EndovaSCular TreAtment to imProve outcomEs for Medium Vessel Occlusions (ESCAPE-MeVO Trial)

NCT ID: NCT05151172

Last Updated: 2024-08-15

Basic Information

• Recruitment Status: ACTIVE_NOT_RECRUITING
• Clinical Phase: NA
• Total Enrollment: 530 participants
• Study Classification: INTERVENTIONAL
• Study Start Date: 2022-04-15
• Study Completion Date: 2026-06-30

Brief Summary

Stroke occurs when a blood clot causes a blockage in a blood vessel (artery) within the brain. This type of stroke is called an ischemic stroke and carries a high risk of disability or death. Stroke must be treated very fast. Any delay of even 10 minutes can result in the difference between an independent and a disabled outcome, and in some cases between life and death. Endovascular therapy (EVT) or Thrombectomy is a procedure to remove the blood clot (thrombus) from a blood vessel to reopen it (recanalization). Patients are likely to benefit from a thrombectomy procedure when it is performed in a larger blood vessel. Currently it is not known if thrombectomy procedure will benefit the patients presenting with the stroke that has been caused by a blood clot in a medium sized blood vessel (medium vessel occlusion, MeVO). This trial will enrol patients diagnosed with acute stroke due to a clot in the medium sized vessel. The patients will be randomized within 12 hours of their symptom onset to either standard of care or standard of care plus thrombectomy procedure. The participation will last for 12 months Escape MeVO coordinating centre is located at the University of Calgary. There will be up to 75 sites. We will be recruiting a total of 530 patients.

Detailed Description

ESCAPE-MeVO is a multicenter, prospective, randomized, open- label study with blinded endpoint evaluation (PROBE design). Participants will be randomized to routine best medical stroke care governed by current guidelines (control group) or to EVT plus best medical care. EVT will be performed with one of the Solitaire group of intracranial stent-retriever devices (Solitaire X, Medtronic) as the first line approach according to the manufacturers' specifications for use.
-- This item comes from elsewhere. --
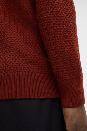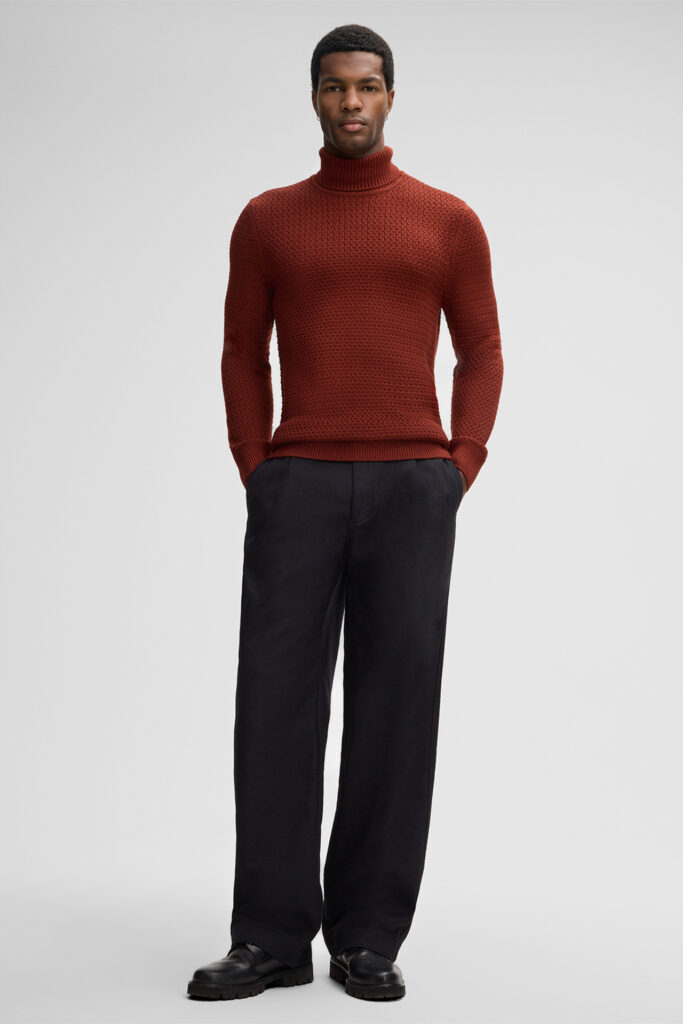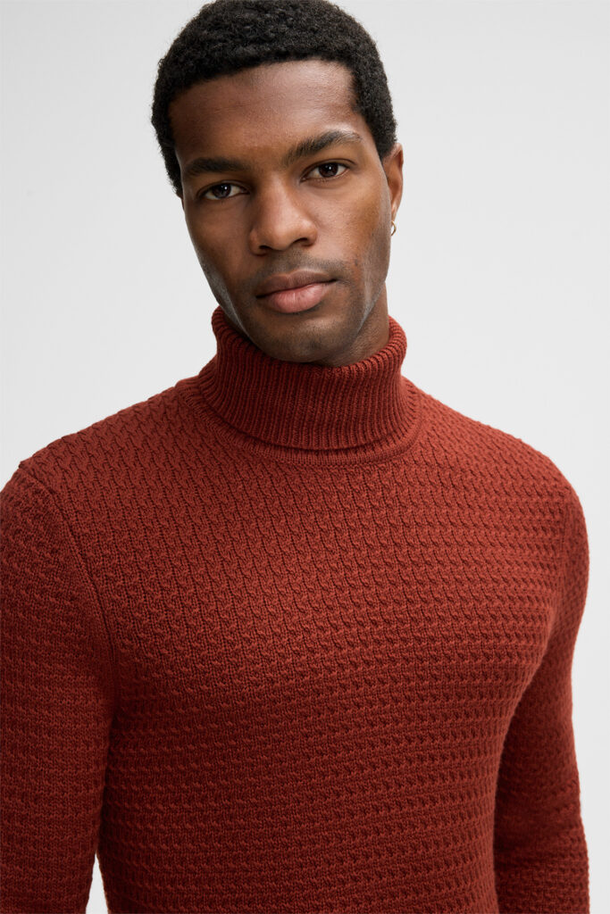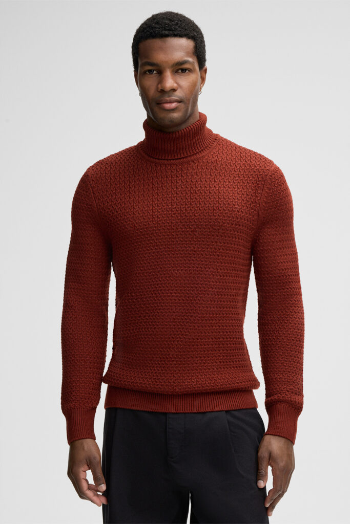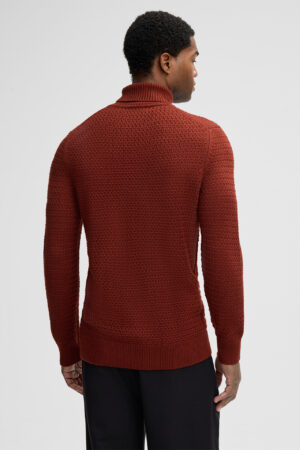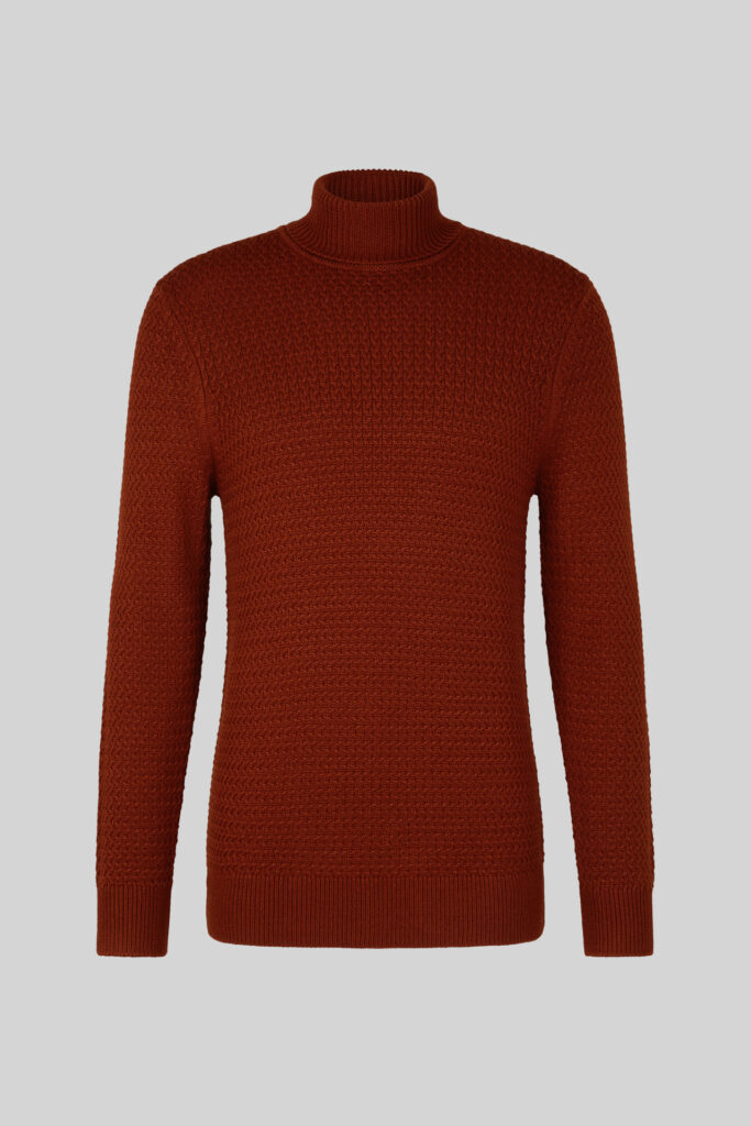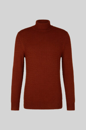 Šveices modes zīmola Strellson adīts vīriešu džemperis ar augstu atlokāmo apkakli rudi brūnā krāsā. Izgatavots no vilnas un poliakrila dzijas dekoratīvā pīnīšu adījuma rakstā. Papildināts ar rievotu apdari.

Patients with clinical symptoms of acute stroke, last seen normal within the last 12 hours, and with either NIHSS ≥ 5 or NIHSS 3-5 due to disabling symptoms in the judgement of the stroke team shall undergo imaging to identify the MeVO and assess the status of the affected brain parenchyma. As is being currently practiced across different stroke centers, imaging may follow different imaging paradigms:

• Option 1: NCCT + mCTA (first phase covers intracranial and extracranial vessels)
• Option 2: NCCT + mCTA/spCTA + either mCTA tissue level perfusion maps or CTP perfusion maps
• Option 3: DWI-MRI + MRA (of both the intracranial and extracranial vessels). Approach to the EVT procedure and technique will be at the discretion of the interventionist and team, with the exception that the first thrombectomy attempt is performed with one of the Solitaire group of intracranial stent-retriever devices (Solitaire X, Medtronic). Available, approved off-the-shelf, secondary devices may be used if reperfusion success is not achieved after use of the first device, at the discretion of the neuro-interventionalist

This study consists of one 90-day study period for each participant. Participants will be hospitalized for care after their acute stroke according to the current standard of care. Participants are required to return to clinic on Day 90 for end-of-study assessment.

Conditions

Acute Ischemic Stroke

Study Design

• Allocation Method: RANDOMIZED
• Intervention Model: PARALLEL
• Primary Study Purpose: TREATMENT
• Blinding Strategy: SINGLE

Study Groups

best medical care

All patients will receive the best standard of medical care according to modern acute stroke care guidelines All patients including the ones in control arm will receive the best standard of medical care according to modern acute stroke care guidelines. The model will be the Canadian best practices guidelines for acute stroke care. These are very similar to the guidelines of the American Stroke Association and the European Stroke Organization. All participants are expected to be admitted to hospital as part of routine standard of care.It is expected that all participants will undergo a routine work-up for the mechanism of their stroke and be treated appropriately and definitively.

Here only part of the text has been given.